In few cases, though, our Mask R-CNN didn’t lead to a perfect segmentation, but even in such cases it achieved better performances than the other models. As displayed in Fig. 3, the model struggles to interpret US images with relatively infrequent anatomical variants, like in contiguity with vessels as in Fig. 3c, and in presence of bifid median nerve as in Fig. 3d.

In addition, poor definition of nerve borders, presence of multiple rounded hypoechoic areas, complex fascicular pattern typical of peripheral nerves and inhomogeneities of the nerve section could contribute to make the detection harder. Results of the ablation studies reported in Table 2 highlighted how a deeper backbone granted good outcomes, and it could be appreciated that concatenation of several augmentations provides better results and more generalization than considering no augmentations on training data. In the future, we could also consider introducing augmentations on color, like brightness variation. As in Table 2, the increase in the output mask resolution from the segmentation head provided generally more accurate results. In fact, there are considerable improvements passing from 28x28 to 112x112 pixels output mask resolution, and lower performances are also visible in Mask56 compared to proposed model. In addition, in Table 2 we could appreciate that concatenation of several augmentation generalized results better than considering single operations, like only rotation and only translation, on training data. In the future, we could also consider introducing augmentation on color, like brightness variation.
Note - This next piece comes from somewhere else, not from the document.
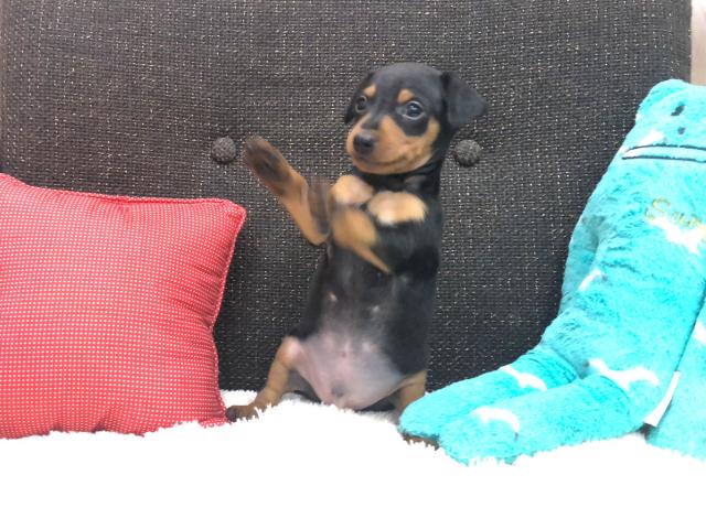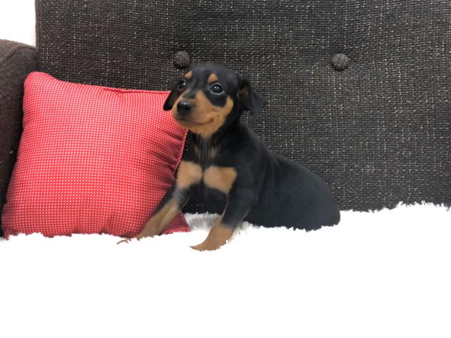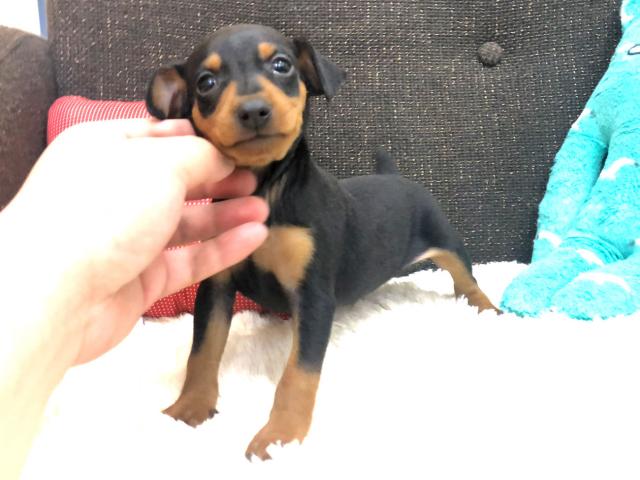 <b>当店で現在一番人気があるブラックタンの毛色のミニチュアピンシャーの男の子のご紹介</b>
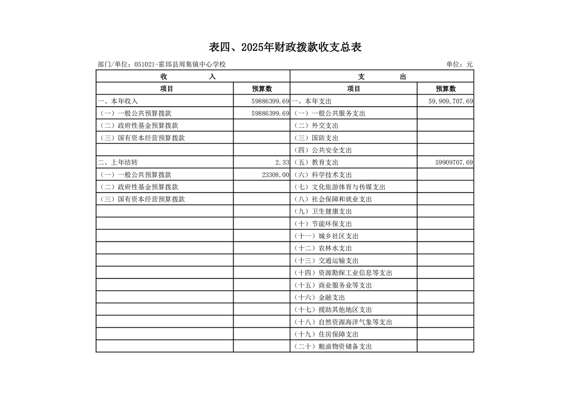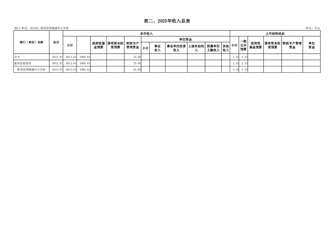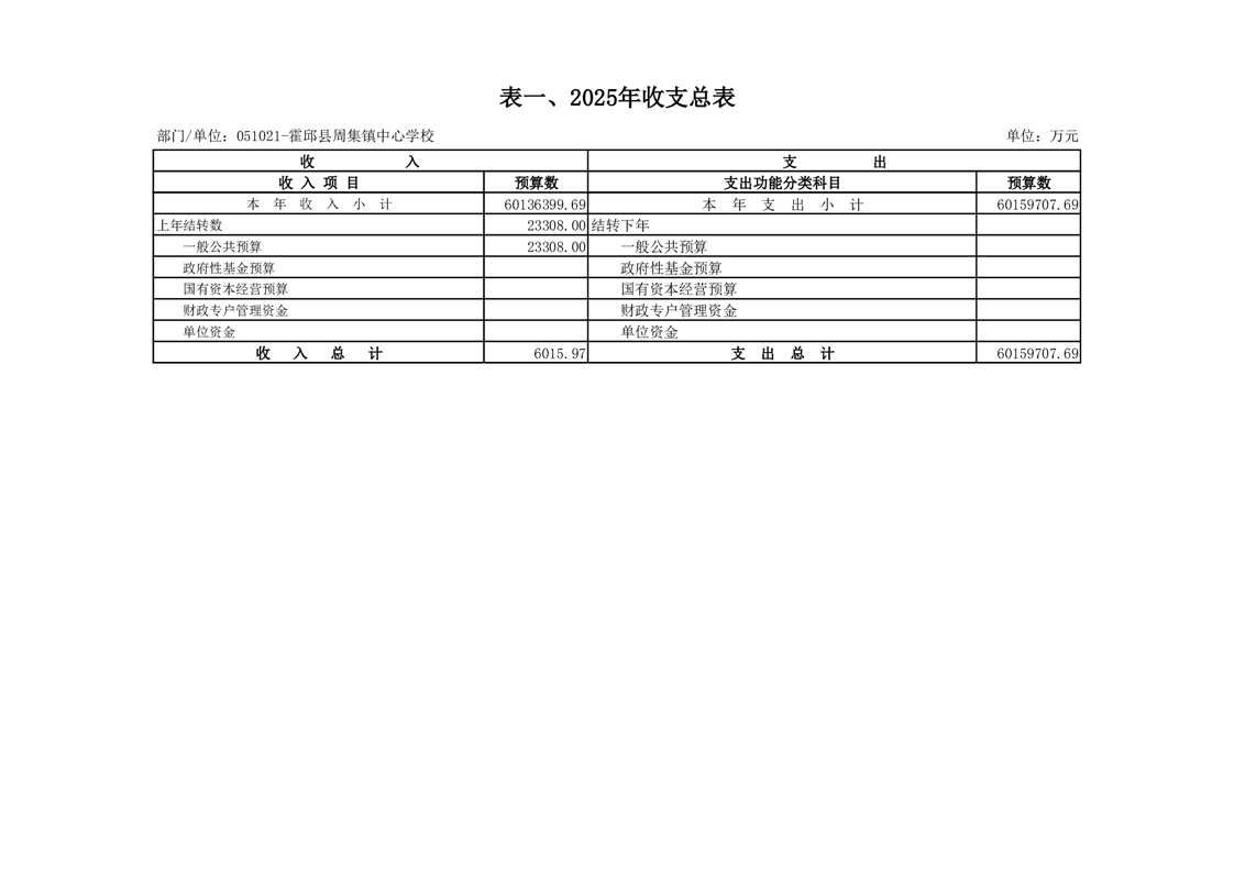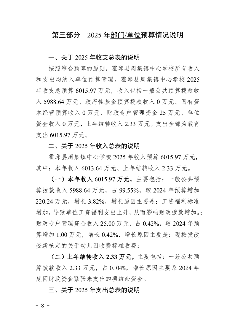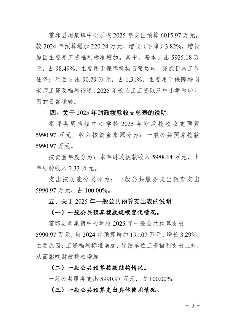 霍邱县周集镇中心学校 2025 年单位预算公开

To increase the algorithm generalization, indeed, it is fundamental to expand the dataset with US images encompassing a wider spectrum of normal anatomy at carpal tunnel level.

In future work, it could be interesting to consider pretraining on larger US existing datasets to improve model accuracy and reliability. The dataset should also be enlarged considering different US image acquisition equipment, lower-frequency probes and maybe involving more research centers in the study to strengthen generalizability further. It could be interesting even to approach the problem including different diagnostic tests and imaging the median nerve at the carpal tunnel from a different perspective and considering different wrist motion.

5 Conclusion

In this work, we proposed a DL approach that proved to be a reliable tool for the automatic segmentation of the median nerve in US images reaching a mean DSC equal to 0.868 ± 0.201, from which directly measure the CSA of the median nerve. Even though improvements need to be done to be deployed in the clinical practice, the promising results obtained have shown the potentiality of such DL approach, which could allow to support beginner sonographers, to introduce standardized protocols and thus to possibly support CTS diagnosis through US inspection.

In future, spatio-temporal information [3] should be included: other than improving median nerve segmentation, US videos allow also to evaluate an additional relevant parameter for CTS, the median nerve mobility. Distance-field regression for accurate nerve delineation could be investigated, too, considering the promising results achieved in close fields [7]; and alternatively, improving the detector of a Cascade Mask R-CNN as in [30] could be explored to minimize inaccurate localization and low recognition accuracy.